> _Exercise data_
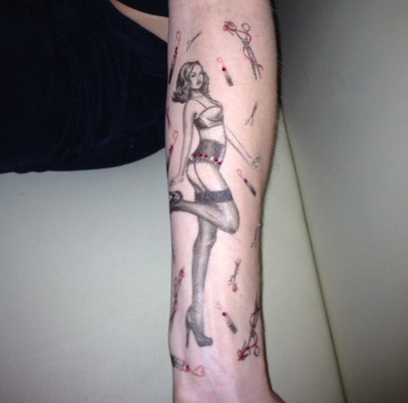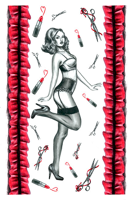 Soyons tout à fait rétro avec cette pinup, jarretières rouges et petits ciseaux Skyn tatouages ??temporaires Demure haute couture.
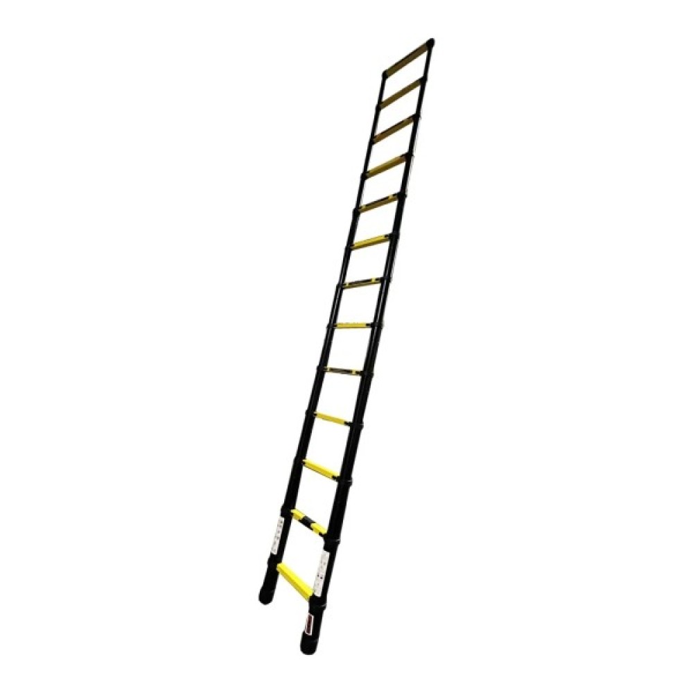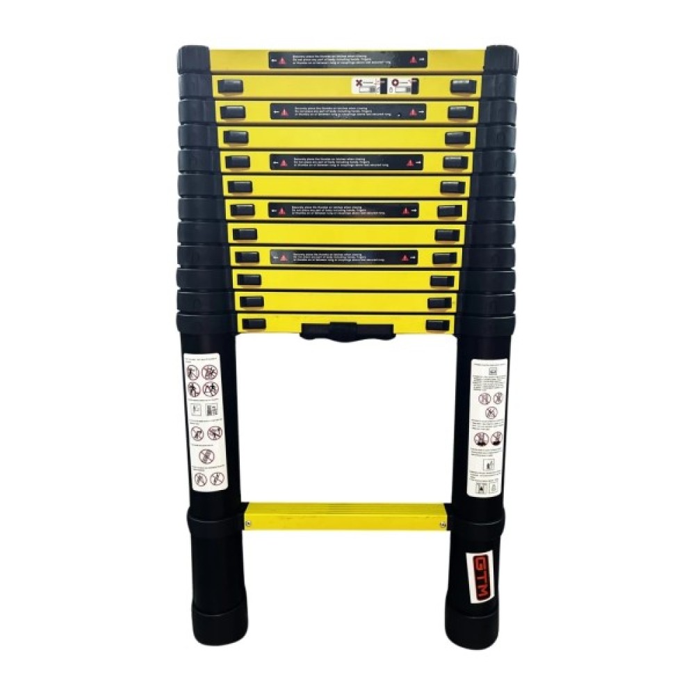 Драбина GTM KME1038Y/881038 - приставна телескопічна алюмінієва драбина на 13 сходинок для побутового та професійного використання. Ця модель не має будь-яких додаткових опор, тому притуляється до стіни або іншої вертикальної поверхні під кутом 65-75° відносно підлоги.
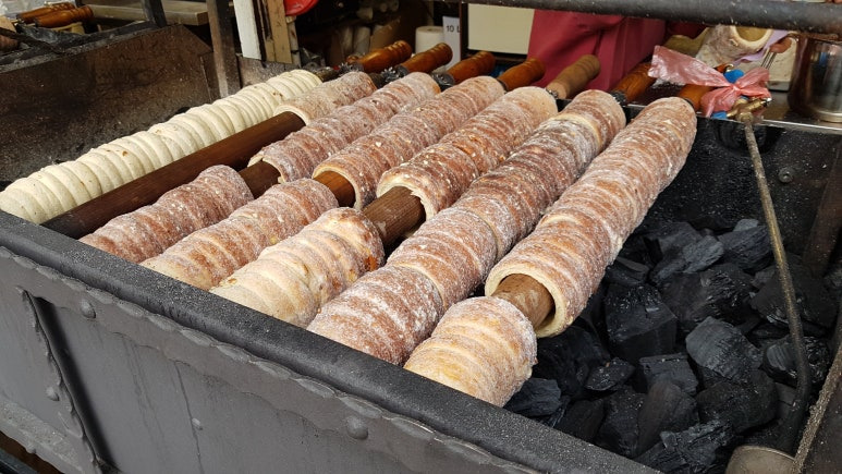 크리스마스 마켓에서 가장 즐거운 것 중 하나는 다양한 전통 음식을 맛보는 것입니다. 프라하의 마켓에서는 '트르들로(Trdelník)'라는 전통적인 굴뚝빵을 꼭 맛보세요. 바삭한 겉과 부드러운 속이 일품이며, 계피와 설탕이 듬뿍 뿌려진 이 빵은 추운 겨울날 따뜻한 커피나 '뱅쇼(Vánoční punč)'와 함께 먹으면 정말 좋습니다.

> _Assignment_
Restate every line of the listing exactly. Pictures are not part of the copy.

> _Final answer_
 Soyons tout à fait rétro avec cette pinup, jarretières rouges et petits ciseaux Skyn tatouages ??temporaires Demure haute couture.
 Драбина GTM KME1038Y/881038 - приставна телескопічна алюмінієва драбина на 13 сходинок для побутового та професійного використання. Ця модель не має будь-яких додаткових опор, тому притуляється до стіни або іншої вертикальної поверхні під кутом 65-75° відносно підлоги.
 크리스마스 마켓에서 가장 즐거운 것 중 하나는 다양한 전통 음식을 맛보는 것입니다. 프라하의 마켓에서는 '트르들로(Trdelník)'라는 전통적인 굴뚝빵을 꼭 맛보세요. 바삭한 겉과 부드러운 속이 일품이며, 계피와 설탕이 듬뿍 뿌려진 이 빵은 추운 겨울날 따뜻한 커피나 '뱅쇼(Vánoční punč)'와 함께 먹으면 정말 좋습니다.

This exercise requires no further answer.